O carurú na casa de Xunda
Barrinha era um "negão" soteropolitano típico, alegre, Boa gente, sorriso farto de gargalhadas copiosas, prosa boa, e de muitos amigos. Era muito conhecido por não perder um evento importante sequer na cidade, e também outros não muito recomendáveis. Estava a par de tudo que acontecia em Salvador e dava notícia de tudo.
E foi assim que eu fiquei sabendo, e fui convidado para um tal carurú na casa de Xunda. Barrinha passava pela porta da minha casa, numa sexta-feira, e gritou:
_Ô amarelo! Amanhã tem um carurú pra agente ir, topa? De pronto respondí:
_Tô dentro!
Foi uma resposta impensada, mas, já tinha confirmado, e para ele era coisa séria, tão séria que no dia seguinte, por volta das sete horas da noite, me chega o Barrinha lá em casa, já tomando "umas", com uma galera, e no meio dessa turma, umas quatro mulatas lindas. Para mim foi a conta... pinotei da poltrona onde cochilava preguiçosamente, corrí para o banho, botei uma "beca" e fomos para o carurú.
Como eu não sabia aonde era a festa, perguntei:
_Ô negão, onde é essa zorra?
_Fica frio, amarelo, "xacumigo", "vamo nessa"!
E assim fomos, pegamos o primeiro "buzú" para a Estação da Lapa, de lá pegamos outro para a Estação Pirajá e finalmente, outro para Castelo Branco, e da lá para a casa de Xunda, andamos feito a porra!!! Barrinha, que já tinha detonado uma cachaça de côco sozinho, decia as escadarias das vielas aos tropeções e eu já estava agarrado com Daniela, uma das gatas daquela turma porreta!
Depois de muito desce e sobe, escorrega e levanta, chegamos lá na casa da tal Xunda... A casa ficava no final da favela, numa baixada, e bem afastada da vizinhança. Tinha um gramado enorme na frente e estava iluminada com "gambiarras" em volta. Tinha muita gente, muita criança, e como não podia faltar, políticos: deputado, vereador, etc.
Eu estava curioso para conhecer a anfitriã, cutuquei o Barrinha, para que ele me apresentasse a tal Xunda, então adentramos a casa e ao chegar na sala, que já estava pronta para as oferendas a Cosme e Damião, com as sete crianças em volta de um grande prato de barro com carurú, vatapá, feijão fradio, farofa, pipoca, arroz branco, galinha de ximxim, e cana-de-açúcar, e conforme manda a tradição, comiam gulosamente sem uso de talheres.
Comandando a cerimônia, cantando as músicas para a ocasião, batendo palmas, toda enfeitada, saia rodada, com um turbante vermelho sangue, lá estava ela... uma figuraça!! Era uma Sarará de um metro e oitenta de altura, dentuça e de olhos esbugalhados, gorda, peituda... "o cão chupando manga!". Quando ela botou os olhos no Barrinha... Aff! Começou o furdunço!!
_Seu desgraçado!

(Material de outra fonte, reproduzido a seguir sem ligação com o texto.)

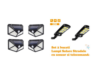 Set 4 Lampi solare 100 led senzor miscare + 2 lampi solare stradale Cadou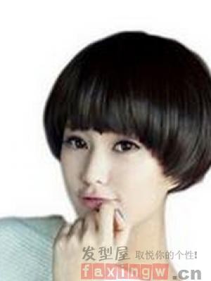 这是一款很受学生妹纸喜爱的齐刘海的波波头发型,深色系的发色,搭配白皙的脸蛋,清新灵动可人。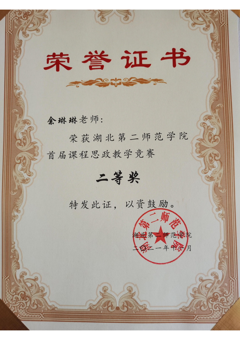校级课程思政比赛二等奖-余琳琳

O que é que você veio fazer aquí depois de quase dez anos que me deixou com quatro filhos, sumiu e nunca mais apareceu?? "Ô us meninos" ( seus leões de chacara ) "pega esse desinfeliz e vamo quebrá no pau".
Barrinha que estava bebum, "de zói trocado", caiu durinho no chão, fingindo um desmaio, então, nós da galera, e outras pessoas da turma do "deixa disso", cercamos a Xunda para acalmar a situação... eu dizia:
_Calma, calma... deve ser um equívoco...
_Equi... o quê, "sinhô?" Pega esse...
Quando olhamos, o Barrinha já tinha sumido dalí... e a Xunda gritava:
_Eu ainda te pego, " fí do cabrunco, filadapuuuuuuta!!!"...

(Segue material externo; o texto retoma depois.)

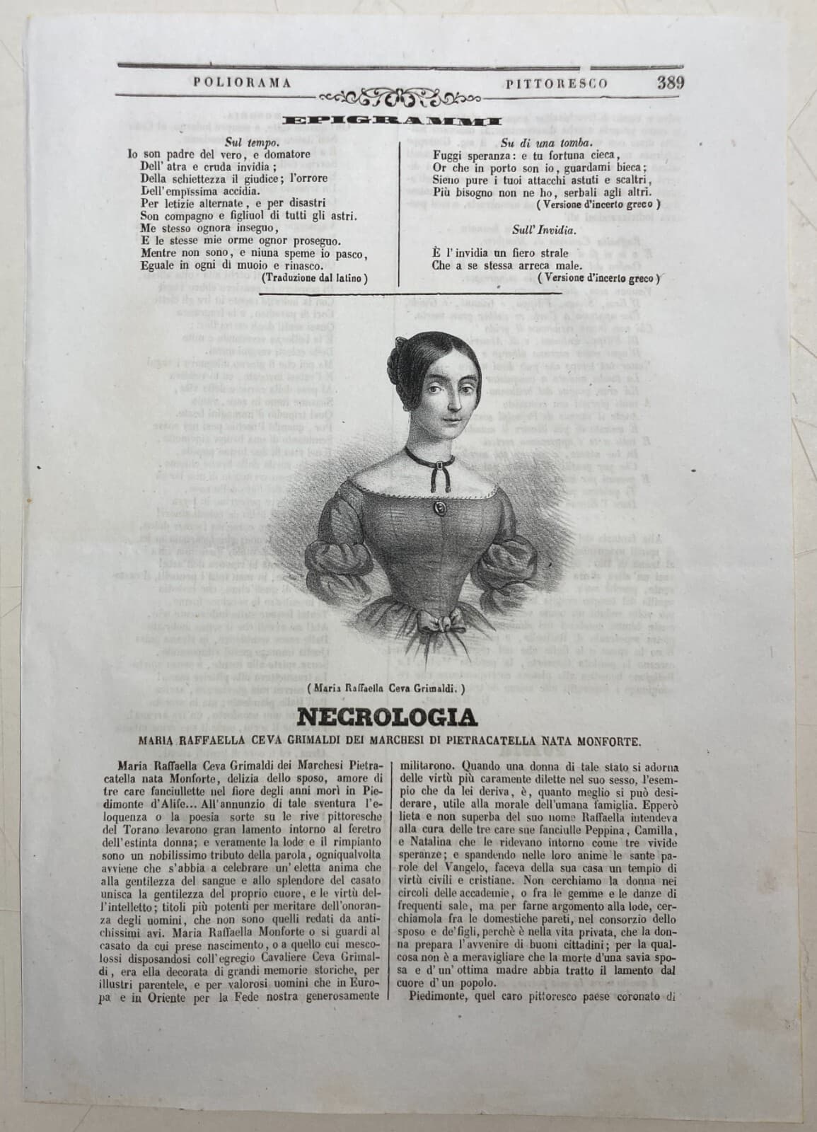 Interessante stampa litografica d'epoca raffigurante il ritratto della nobildonna **Maria Raffaella Ceva Grimaldi**, dei Marchesi di *Pietracatella* (nata Monforte). L'opera fu pubblicata originariamente a corredo di una necrologia apparsa su un periodico napoletano della metà del XIX secolo. L'esemplare conserva il foglio originario con il testo tipografico al recto e al verso, così come estratto dalla pubblicazione coeva. * **Soggetto:** Maria Raffaella Ceva Grimaldi. * **Tecnica:** Litografia originale. * **Epoca:** Circa 1847 (metà XIX secolo). * **Dimensioni:** Foglio intero circa 30x20,5 cm; area figurata circa 9x8 cm. * **Provenienza:** Napoli, editoria periodica. Esemplare di notevole interesse storico-locale per l'area del *Molise* e per studi genealogici sulla nobiltà del Regno delle Due Sicilie. La stampa si presta ad essere inserita sotto passe-partout e incorniciata. **Condizioni:** Discreta conservazione generale; sono presenti segni d'uso e del tempo, fioriture diffuse, bruniture e lievi sgualciture marginali come da documentazione fotografica.

Aproveitando a confuzão, em meio a multidão, saímos de fininho e fomos embora.
No dia seguinte, lá pelas quatro horas da tarde, o Barrinha aparece em minha casa, com uma cara de quarta-feira de cinzas...
_Rapaz... que porra foi aquela, eu nunca ví aquela mulher na minha vida!
_Mas como é que você vai para uma festa na casa de quem não conhece e ainda leva os amigos, seu sacana?? Doido sou eu que ainda entro nas suas barcas...
_Mas todo evento que eu vou é assim, nunca fui convidado e sempre me saio bem, não sei o que foi que aquela jaburú viu em mim...
Assim terminou esse episódio, demos boas gargalhadas, continuamos muito amigos, mas... eu nunca mais entrei nas "ondas" do Barrinha.